The cookie attribute allows you to describe the session ID cookie. If you don't define it, it will default to:

{ path: '/', httpOnly: true, secure: false, maxAge: null }

Within cookie: the path attribute describes where the cookie is created. httpOnly determines whether you can access the cookie from the client. secure determines whether HTTP in addition to HTTPs is able create sessions. maxage determines when the cookie is destroyed.

Let's talk about some specific uses for sessions.

You could track visits to a page like this:

app.get('/', function(req, res, next){
    var sess = req.session;
    if (sess.views) {
        sess.views++;
    } else {
        sess.views = 1;
    }
    next();
}, function(req, res next) {
    res.send('Views: ' + sess.views);
});

This block of code checks the current session to see if the user has visited the page and increments the views attribute on the session if it exists, or creates it otherwise. The next() at the end passes control to the next handler... in this case, the function which res.sends the number of views.

You can also set sessions to expire, forcing the user to login again, which you often see on sensative sites like banking apps. This will be part of the inclass work so I won't write up an example here. However, if you have any more questions about sessions and cookies, you can read more about express-session and follow a tutorial here.

Using Passport

Passport lets you ask your users to log in via Google or Facebook, then manages the relevant sessions for you. That's it! All of the OAuth craziness is abstracted away.

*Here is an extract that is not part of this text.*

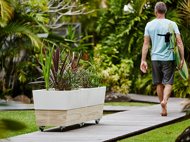 More mobile goodness. Made with beautiful Accoya Pine, the Café Planter has all the advantages of Glowpear’s classic Urban Garden, but on a larger scale – plus it’s portable.

###OAuth By Hand We have an small example application using OAuth in the word_cloud folder in this lesson folder that will use Twitter's API to generate a word cloud. This example will show you how to build an OAuth request from scratch. While we hope you won't have to do that out in the real world unless absolutely necessary, we thought it might be nice to show you one so you can appreciate all of the heavy lifting some of the OAuth libraries take care of for you.

###Can I set up my own OAuth server? So you want to use OAuth to authenticate and authorize your API users, huh? Unfortunately that's just outside the scope of this class, but know that if you do get to that point someday, there are some great packages available (on npm) that can help you get a basic setup running fairly quickly.